Is Gross Margin Percentage a Reliable Indicator of Firm Profitability?

Not always.

You can’t blame a CPA for measuring profitability with gross margin percentage.  It’s the most basic term we learn in Cost Accounting 101.  But paradoxically, it’s not always a reliable measure in CPA firms to measure profitability.

For the reasons stated below, we don’t like using gross margin analysis at CPA firms.  Instead, we advise firms to look at a group of key metrics including realization by partner on his/her client base, realization by staff person and by engagement and overall billable hours of each staff person – all compared to national norms as well as internal budgets.

First, some definitions:

  • Gross margin percentage:  The profit after direct expenses, divided by gross fees.
  • Gross fees are billable time before WIP write-downs.
  • Direct expenses include WIP write-downs plus the labor cost of client service personnel working on client engagements.
  • The cost of a client service person is his/her annual compensation divided by the annual number of billable hours that person works.  Billable hours are reduced by time written off.

Each of the following factors can distort the firm’s gross margins:

Gross margin calculations usually do not include the cost of partner labor.  Therefore, partners who are “working partners” (those who perform high amounts of staff-level work themselves instead of delegating it to staff) will report artificially higher gross margins than partners who push down work to staff, simply because the working partners’ costs don’t include the cost of their own labor.  Though partners perform roughly 14% of the total billable hours under their control (per the latest Rosenberg MAP Survey) this figure varies widely by partner.  We have seen many partners (usually at firms under $10M) perform as much as 30-50% of the work they manage.

Gross margins exclude partner labor because it is very difficult to calculate the true cost of an hour of partner labor.  The main complexity is that the true cost of an hour of partner labor has two components that are nearly impossible to separate: a partner’s true labor cost and his/her share of the firm’s profits.  Theoretically, firms can impute the cost per hour of a partner, but this is a tricky calculation; we rarely see gross margin reports that include cost factors for partner billable hours.

Firms frequently are unable to assign the correct level staff person to engagements due to the industry’s widespread shortage of labor.  Rare is the firm that has the desired or healthy mix of managers, seniors and lower-level staff.  As a result, it is quite common for firm personnel, including partners, to perform beneath their competence level because the firm has no one for them to delegate the work to.  When higher level personnel do the work of lower level staff, the cost of labor increases, thus reducing the gross margin percentage.
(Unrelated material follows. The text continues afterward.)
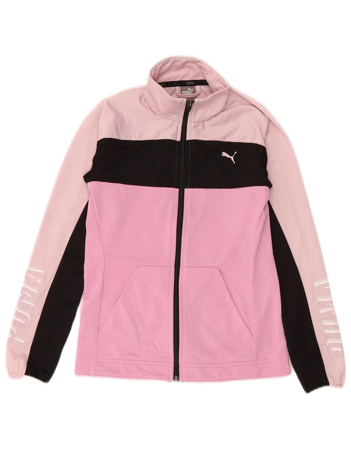 PUMA Girls Graphic Tracksuit Top Jacket 11-12 Years Pink Colourblock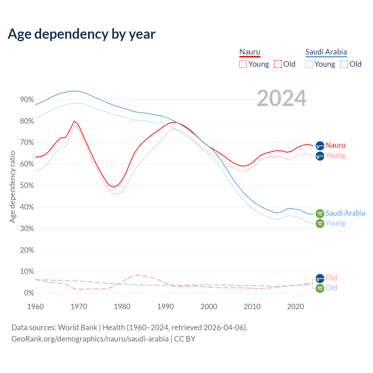 - Nauru is ranked 155/196 by median age (oldest to youngest) vs 98/196 for Saudi Arabia.

Staff at firms have widely varying levels of productivity.  A firm’s best staff are in high demand by managers and partners, so these stars’ cost per hour is brought down as a result of the high number of billable hours they achieve in a year as well as the lower amount of their time that is written off.

Newer partners have difficulty getting the “good staff” on their jobs because they are committed to the senior partners.  Conversely, senior partners tend to get the better staff assigned to their engagements. Both scenarios skew the gross margin percentage.

Marginal staff sometimes struggle to find work.  Managers and partners often avoid under-performing staff because they are a drain on overall efficiency and profitability.  The billable hours of these people are low because it’s difficult to find work for them.  They are branded “marginal” because (1) a higher percentage of their work has to be written off compared to other staff and (2) they work slower than the better staff.  The low productivity and high write-offs raises their cost per hour, bringing down the firm’s gross margin percentages.

Conclusion:  There are better ways to measure profitability than gross margin percentage.